Every quadratic equation can have up to two unique solutions, or roots, which may be real or complex. These roots determine where the parabola intersects the x-axis, an important step in finding the x-intercepts.

The x-intercepts of a graph are the points where the graph crosses the x-axis. In the context of a quadratic equation, we find these by setting \( y = 0 \). This step transforms our quadratic equation into \( -x^2 + 10x - 25 = 0 \) and involves solving for \( x \).Finding the x-intercepts means we're looking for the values of \( x \) that make the equation equal to zero, essentially finding the roots of the equation. For our specific example, we used the quadratic formula:\[x = \frac{-b \pm \sqrt{b^2 - 4ac}}{2a}\]To calculate these, first, we identified the coefficients \( a = -1 \), \( b = 10 \), and \( c = -25 \) from the equation. The discriminant \( \Delta \) calculated as zero, implying the equation has exactly one real root, \( x = 5 \). Therefore, the x-intercept for this parabola is the point \((5, 0)\).

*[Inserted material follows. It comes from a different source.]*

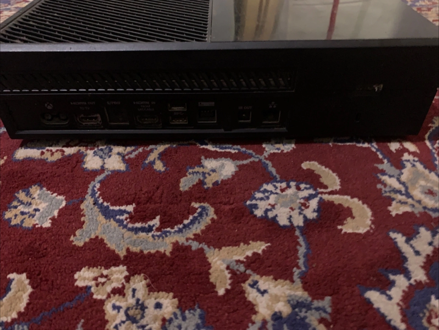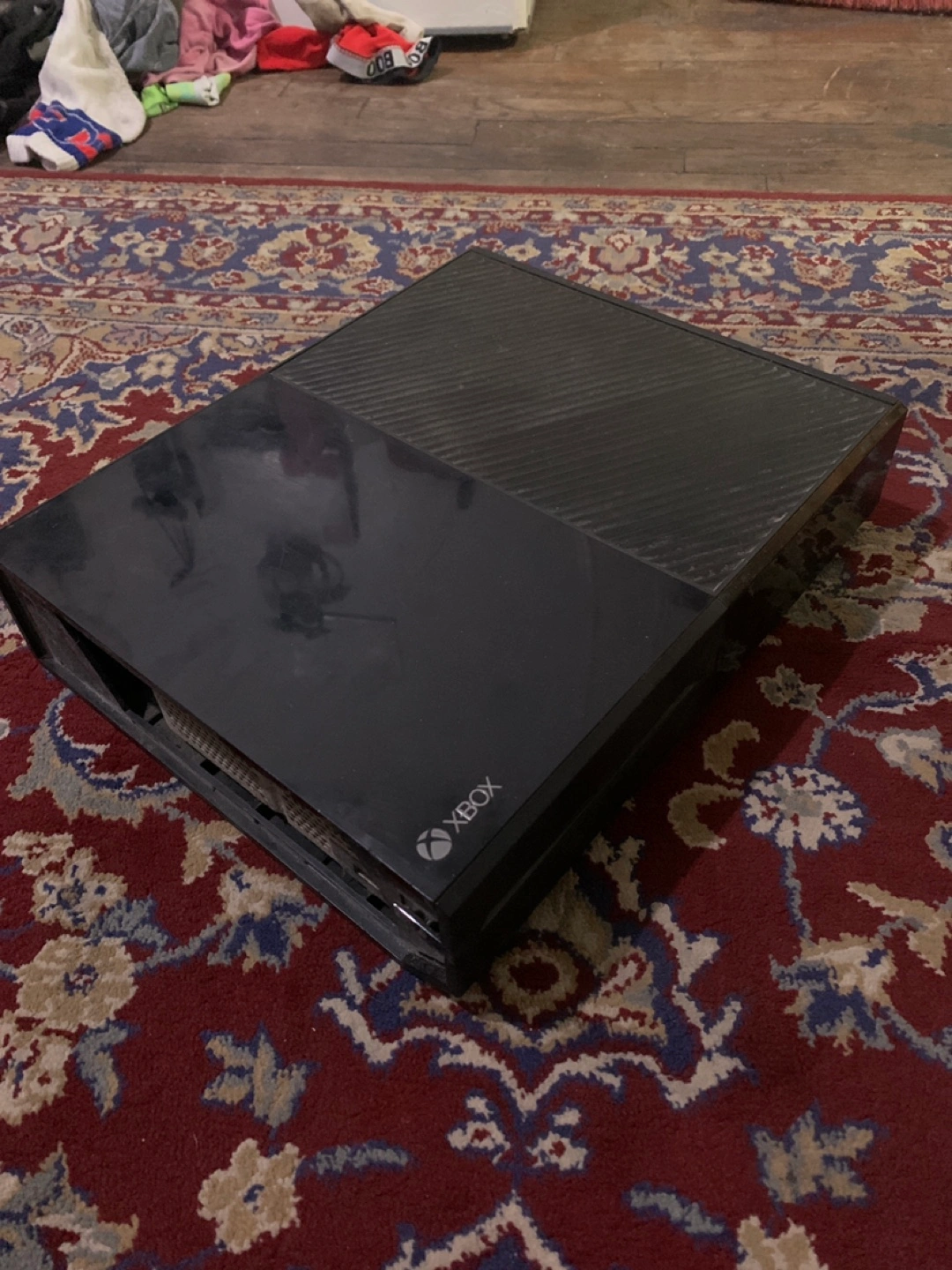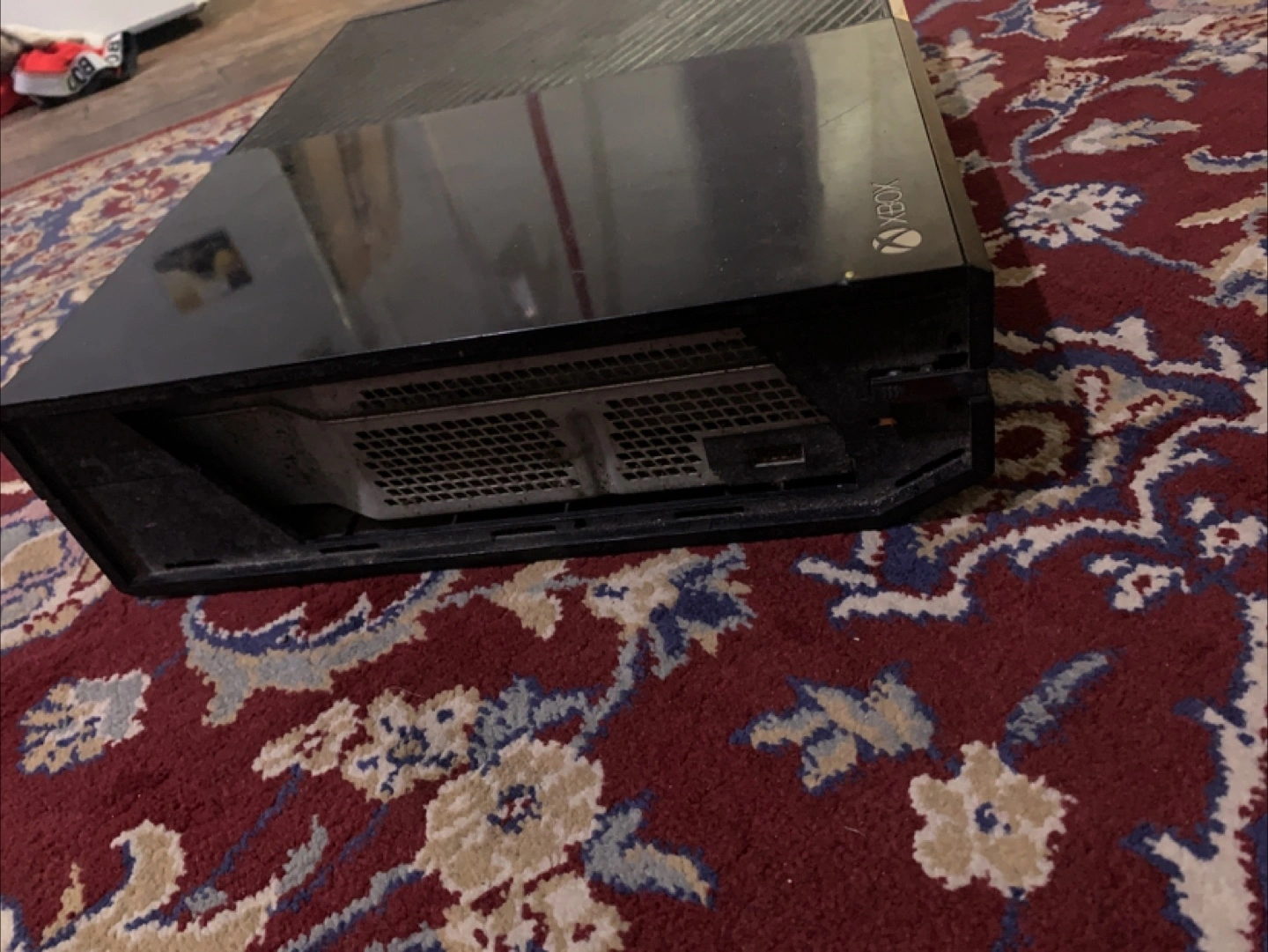 Black Xbox One console. Used condition. Selling as-is. Just missing Side Vent and Power Block

The y-intercept is a point where the graph crosses the y-axis, which happens when \( x = 0 \). To find it, we substitute \( x = 0 \) into the given quadratic equation and solve for \( y \). This is a straightforward calculation.For our equation \( y = -x^2 + 10x - 25 \), by setting \( x = 0 \), we get:\[ y = -(0)^2 + 10 \cdot 0 - 25 = -25 \]Thus, the y-intercept is at the point \((0, -25)\). This point is where the graph would intersect the y-axis, showing us the value when all other variables are zero. Understanding intercepts is important because they provide essential information about the behavior and position of a parabola on the coordinate plane.